● **MATERIALS PROVIDED**:
BEGIN

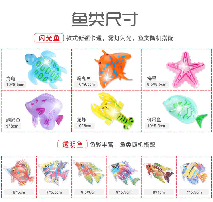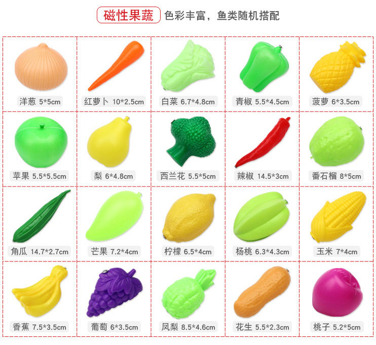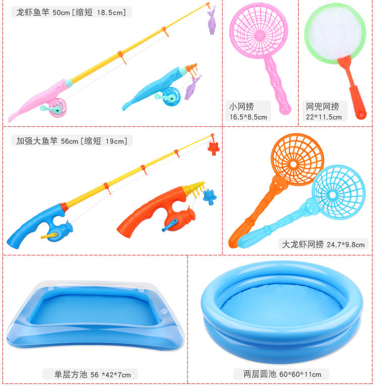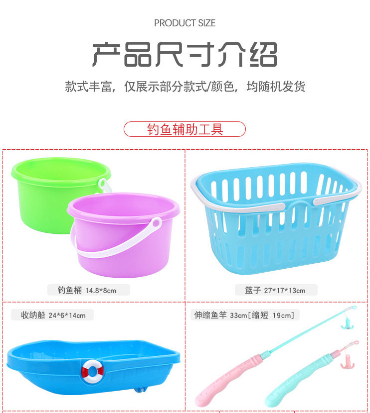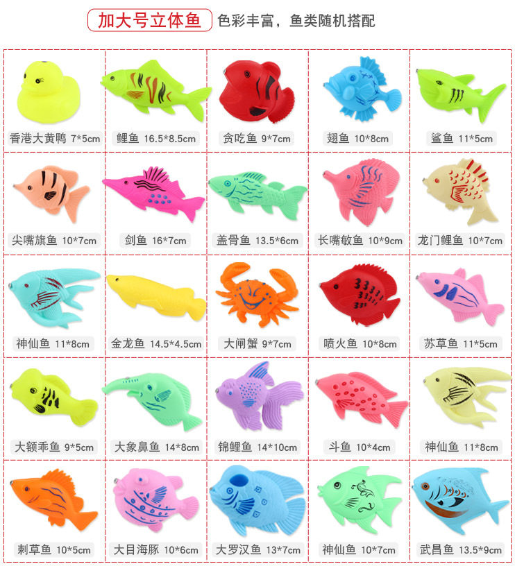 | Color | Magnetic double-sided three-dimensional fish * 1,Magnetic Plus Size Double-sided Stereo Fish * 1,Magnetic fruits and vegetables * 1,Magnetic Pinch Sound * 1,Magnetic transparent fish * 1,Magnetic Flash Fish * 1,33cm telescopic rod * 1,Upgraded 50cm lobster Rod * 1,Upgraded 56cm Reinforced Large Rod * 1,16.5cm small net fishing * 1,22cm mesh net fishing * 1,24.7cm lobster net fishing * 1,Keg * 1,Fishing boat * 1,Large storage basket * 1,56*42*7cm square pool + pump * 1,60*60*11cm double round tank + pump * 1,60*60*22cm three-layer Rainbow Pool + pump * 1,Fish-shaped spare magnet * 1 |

END
BEGIN

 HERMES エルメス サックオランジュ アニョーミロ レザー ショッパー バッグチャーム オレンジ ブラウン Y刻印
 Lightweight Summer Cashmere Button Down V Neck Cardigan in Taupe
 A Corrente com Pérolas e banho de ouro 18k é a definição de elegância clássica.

END

● **EXERCISE**: Quote the listing above, but only from the line that shows "HERMES エルメス サックオランジュ" through the line that shows "A Corrente com".

● **SOLVED PROBLEM**:
 HERMES エルメス サックオランジュ アニョーミロ レザー ショッパー バッグチャーム オレンジ ブラウン Y刻印
 Lightweight Summer Cashmere Button Down V Neck Cardigan in Taupe
 A Corrente com Pérolas e banho de ouro 18k é a definição de elegância clássica.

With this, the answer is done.